From the material below, copy exactly the lines beginning with the one that contains "[에이치플러스몰]여성 캐주얼 추천 카라 옆트임 꾸안꾸 반팔 미니" and ending with the one that contains "Препроводительная записка Л.Б."; the pictures stay out.

==== DATA RECORDS

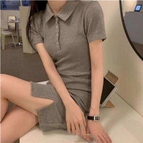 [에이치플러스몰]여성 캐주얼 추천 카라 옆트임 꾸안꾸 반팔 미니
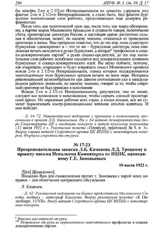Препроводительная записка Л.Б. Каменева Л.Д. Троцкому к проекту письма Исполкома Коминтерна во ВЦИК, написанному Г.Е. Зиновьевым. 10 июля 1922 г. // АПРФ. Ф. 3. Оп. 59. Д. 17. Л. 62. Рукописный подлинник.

========
==== DATA RECORDS

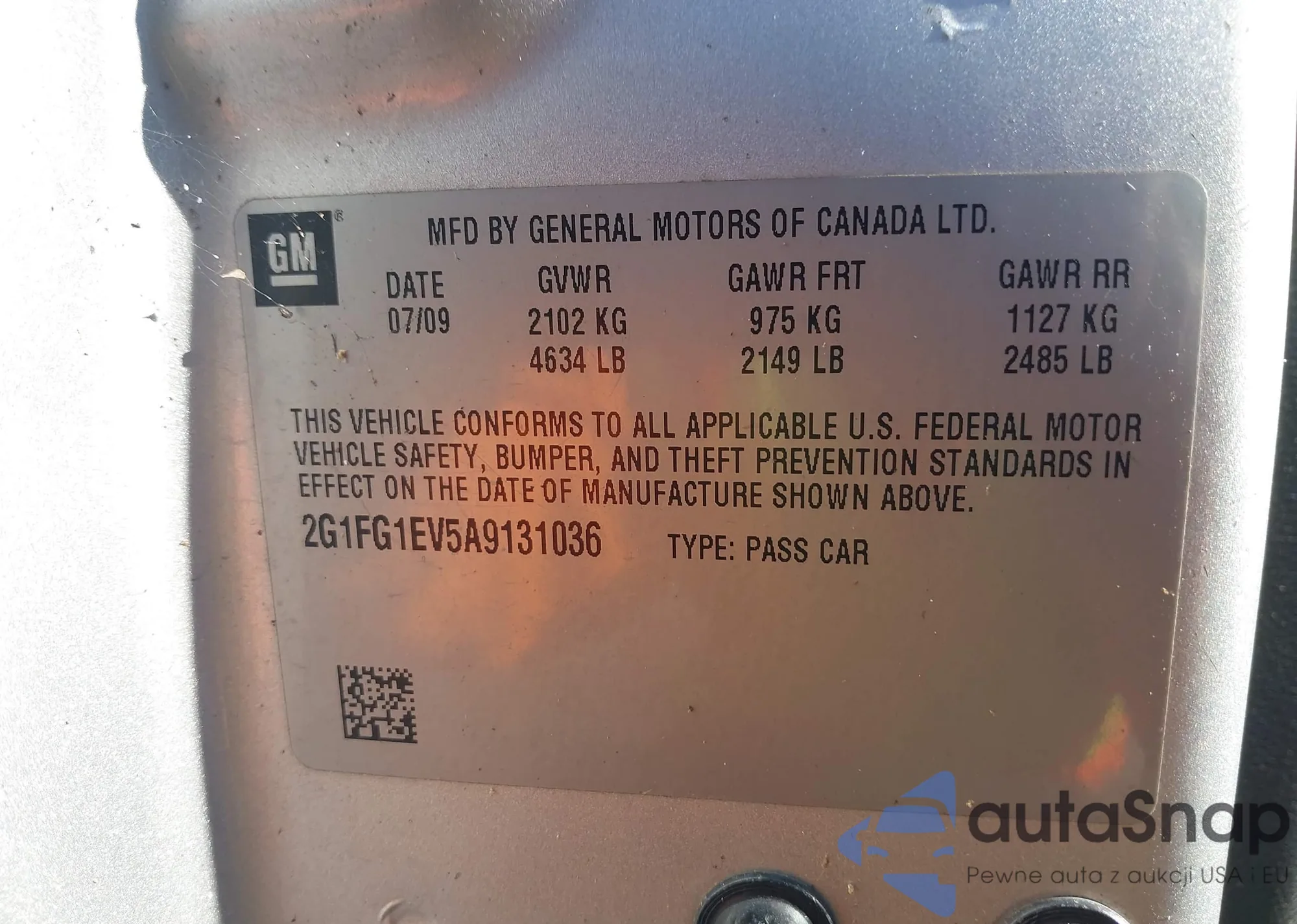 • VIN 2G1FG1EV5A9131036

========

§ **OUTPUT BELOW**
 [에이치플러스몰]여성 캐주얼 추천 카라 옆트임 꾸안꾸 반팔 미니
Препроводительная записка Л.Б. Каменева Л.Д. Троцкому к проекту письма Исполкома Коминтерна во ВЦИК, написанному Г.Е. Зиновьевым. 10 июля 1922 г. // АПРФ. Ф. 3. Оп. 59. Д. 17. Л. 62. Рукописный подлинник.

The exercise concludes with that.